To the extent that electrification of transport requires additional electricity generation capacity, that additional capacity will come from renewables teamed with demand management, pumped hydro and battery storage. Renewables are now cheaper than new coal generation according to the CSIRO, the Australian Energy Market Operator and many other organisations. The Coalition should be honest with Australians, especially fossil fuel workers.
Peter Campbell, Cook
Israel Folau says the NSW bushfires are God's response to the same sex marriage bill. He could be answered with reference to climate change, weather drought and arsonists inter alia. But we should follow the advice of Proverbs 26.4 which roughly translates as: "Don't argue with a fool lest people not be able to tell the difference".
David Goss, Woonona, NSW
FIRE AND FLOOD
If Israel Folau is correct about the cause of the bushfires, what terrible things have the people of Tonga done? God is flooding their country.
Hans Muller, Tuross Head, NSW
GOD ISN'T PICKY
Folau "knows" that the fires are God's punishment because we voted for same-sex marriage.
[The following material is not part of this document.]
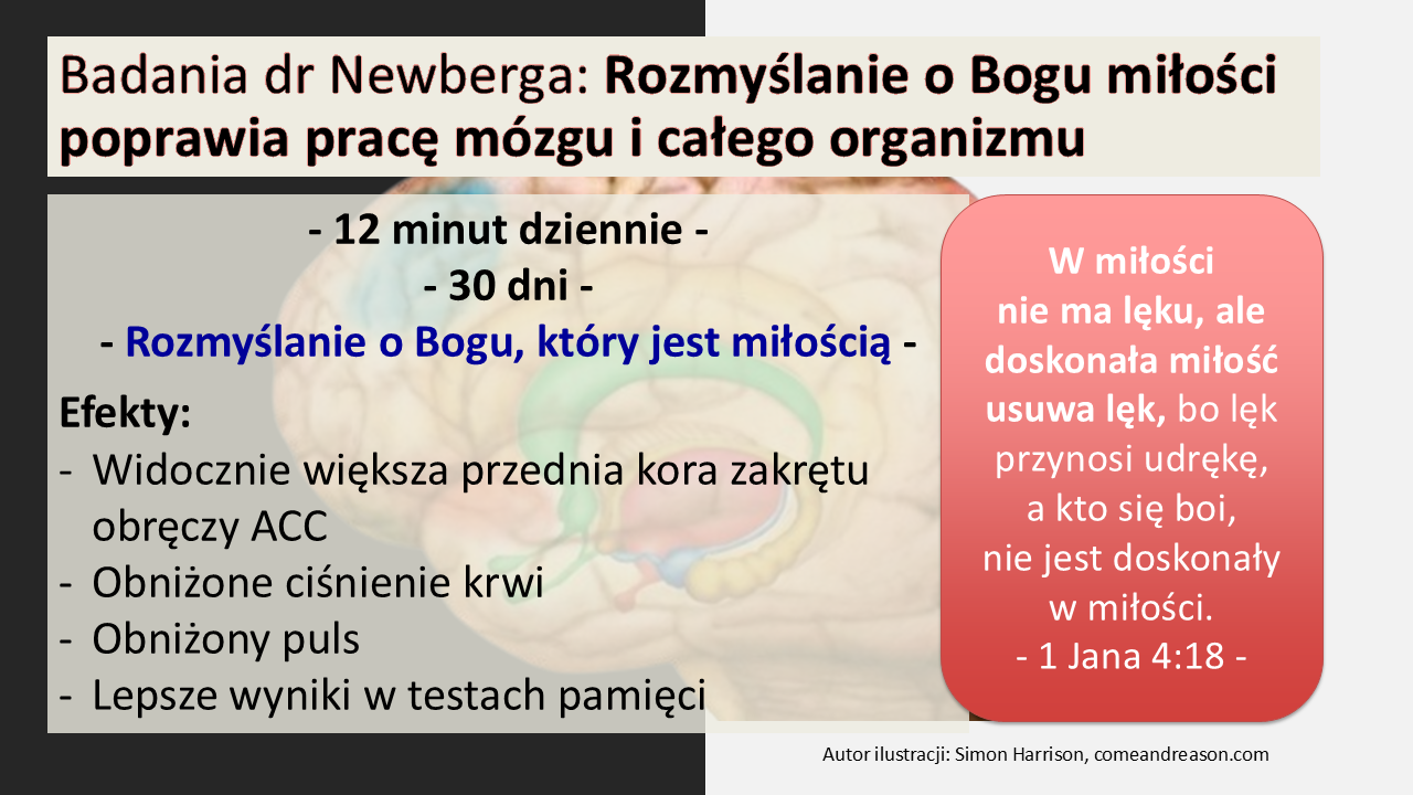 Co ciekawe, wiara w Boga, który jest Bogiem miłości, wpływa nie tylko na nasz charakter, ale także na funkcjonowanie mózgu i całego organizmu. Badania dr Andrew Newberga z Uniwersytetu Pensylwanii pokazały, że osoby starsze, które przez 12 minut dziennie przez 30 dni rozmyślały o Bogu miłości, doświadczyły pozytywnych zmian w mózgu. Zwiększyła się aktywność w tzw. przedniej korze zakrętu obręczy — części mózgu odpowiedzialnej za uwagę, podejmowanie decyzji, emocje, współczucie i kontrolę impulsów. Kiedy ta część mózgu działa słabiej, łatwiej o depresję czy stany lękowe. Ale podobnie jak mięsień — można ją „ćwiczyć”, np. przez sposób myślenia i przeżywania naszej wiary.

Does this mean God only devastated the lives of those who voted in favour? If God did pick and choose it would be in line with the "end of days" beliefs of Christian fundamentalists and must also mean anti-voters have been spared. Over to you Israel.
Eric Hunter, Cook
Israel Folau thinks the drought and fires are God's wrath, Greens and others think it's all the carbon dioxide we produce by burning coal, rationalists think the lack of hazard reduction burning makes things worse and the dreamers think the Aborigines had all the answers, despite Captain Cook seeing multiple fires along the east coast before white settlement. I'm with the rationalists. This is just mother nature at work. We can't stop her, but we can do much more to reduce her impact.
Doug Hurst, Chapman
I couldn't give a stuff about The Greens politically. But why is it whenever we suffer dreadful fire events the screamers blame the greenies? They don't hold office anywhere so who is making decisions about managing bushland?
Linus Cole, Palmerston
NO EASY ANSWERS
Bushfires have encouraged climate change recommendations but abolishing fossil fuels will not solve the problem. That is that there are too many people and our excessive reproduction will only result in further environmental degradation. Don't just blame the big polluters.
Greg Cornwell, Yarralumla
On the matter of biblical retribution for Australia's collective behaviour, didn't rural NSW and Queensland in particular vote in the climate change denying, fossil fuel cheerleading Federal government we have? James Lovelock, FRS, has formulated such cause-effect re-equilibrating phenomena as the GAIA hypothesis.
Alex Mattea, Sydney, NSW
Would someone tell the fossils in the Liberal and National parties it's time to go. Even the political climate is changing. They will get burnt at the next election.
A Mutch, Nicholls
In the 4.5 billion years before the earth is consumed by the expansion of the dying sun the miracle molecule DNA will have restored the biosphere many times over to its pristine condition before the rise of that malignant mutation, the self-aware brain.